How to calculate shared memory bandwidth?

This article suggests GTX 690 is only half the shared memory bankwidth of GTX 460. How does it arrive at this number? Thanks

This is the ratio of shared memory bandwidth / flops, for 32bit access.

This is mainly due by the incredible increase of SP flops on Kepler (compared to Fermi), that is targeted for 3D gaming. Notice that GK110 have the same ratio, but nVidia choose to increase L2 cache size to try to mitigate this problem for GPGPU computing.

Thanks for your reply. That means GK110’s suitability for GPGPU is still questionable??

Every design choice is a tradeoff and there is no reason the future has to be a superset of the present, so “suitability” depends on your problem. Kepler has less shared memory bandwidth per FLOP, so if your code is limited by shared memory bandwidth, then yes, Kepler will be worse. I don’t know how many programs actually have that restriction however. I’ve seen various programs that I’ve written run anywhere from 10% slower to 100% faster on the GTX 680 compared to the 580. The 10% slower case was a program that has quite an erratic memory access pattern, so I suspect the loss of L2 cache and global memory bandwidth hurt the most there. The 100% faster case was a program that was compute bound and most of the computation was special functions. Here I think the very large number of CUDA cores and extra special function units helped.

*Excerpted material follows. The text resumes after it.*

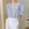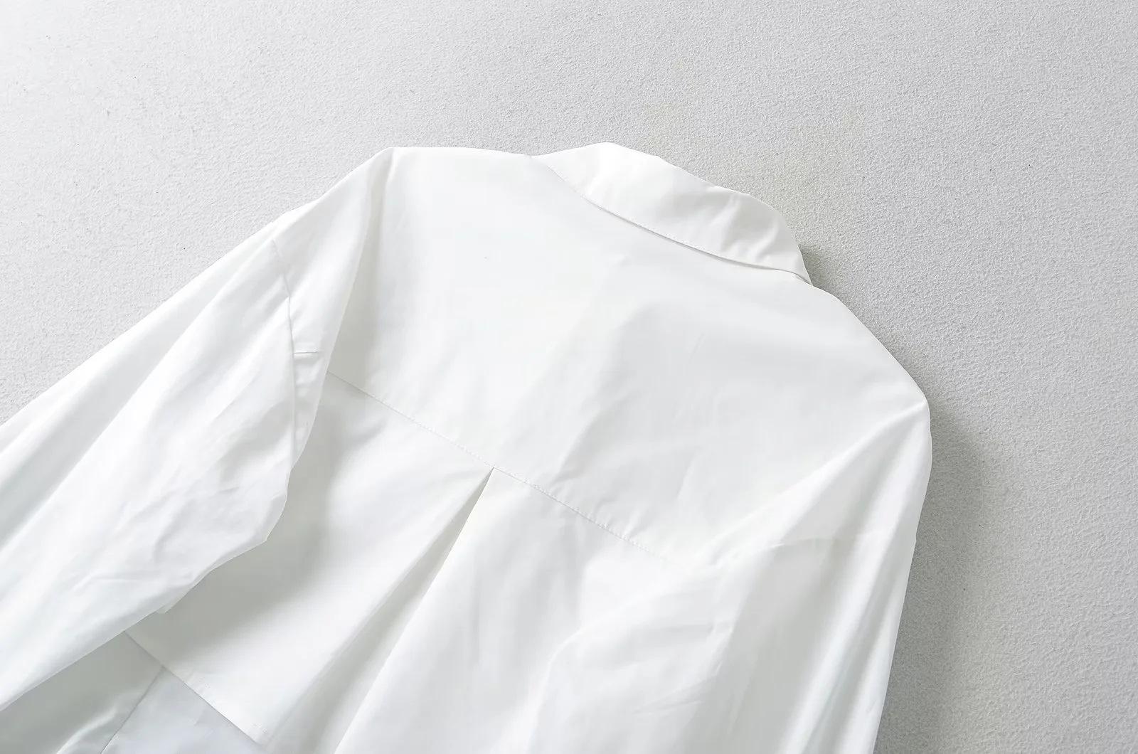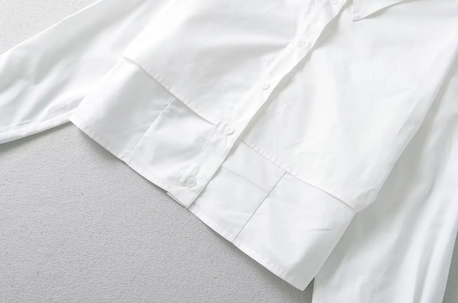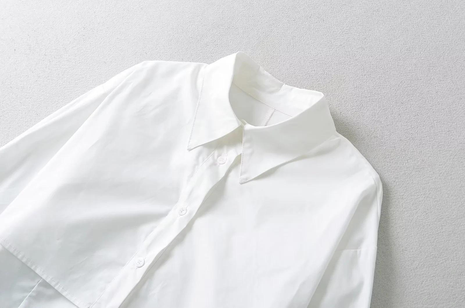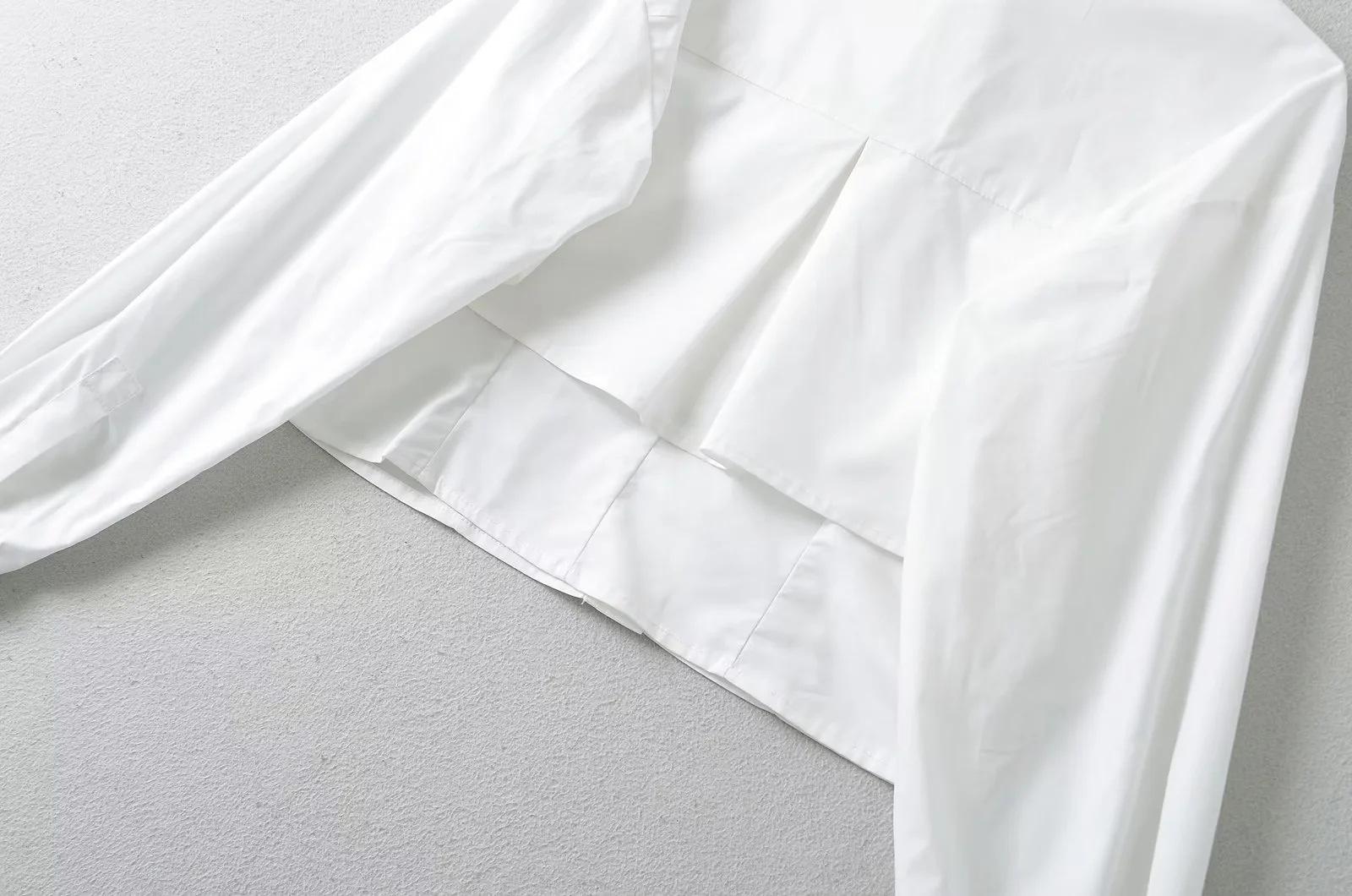 Camisa sencilla y fresca de estilo coreano para mujer, blusa informal de manga larga con solapa corta, botonadura sencilla, cintura alta y hombros descubiertos.
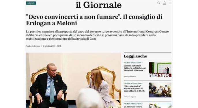 Cumhurbaşkanı Recep Tayyip Erdoğan, Mısır'ın Şarm Eş-Şeyh kentinde düzenlenen Gazze konulu Barış Zirvesi marjında İtalya Başbakanı Giorgia Meloni ile bir araya geldi. Erdoğan'ın görüşme sırasında İtalyan lidere esprili bir dille sigarayı bırakma tavsiyesinde bulunması, İtalyan ve dünya basınında geniş bir şekilde yer aldı.

(One reminder: It is really, really important that you benchmark different block sizes on Kepler. I made this mistake initially, and my compute-bound code ran slower than Fermi. Reoptimizing things led to a massive increase in that case. It didn’t help the memory bound program, but that is more to be expected.)

The relative reduction in shared memory bandwidth in Kepler might be the reason for the addition of the shuffle instructions, which allow threads in a warp to exchange data without shared memory at all. (In effect, shuffle adds an optional extra layer in the memory hierarchy between registers and shared memory.) The instruction seems to be tailor-made for FFTs, which probably put a lot of pressure on shared memory.

On page 13, it says shared memory bandwidth has been doubled to 256B per core clock. What does that mean? Does that mean since the GLOPS is tripled, so the overall effect is slower and prudent use of shuffle command is recommended?

If I understand the details in that document, the shared memory bandwidth is only double if each thread doing a 64-bit load from shared memory. Basically, a warp of threads on GK110 doing a 32-bit or 64-bit load takes the same amount of time, so in the 64-bit case the bandwidth is twice as high as the 32-bit case.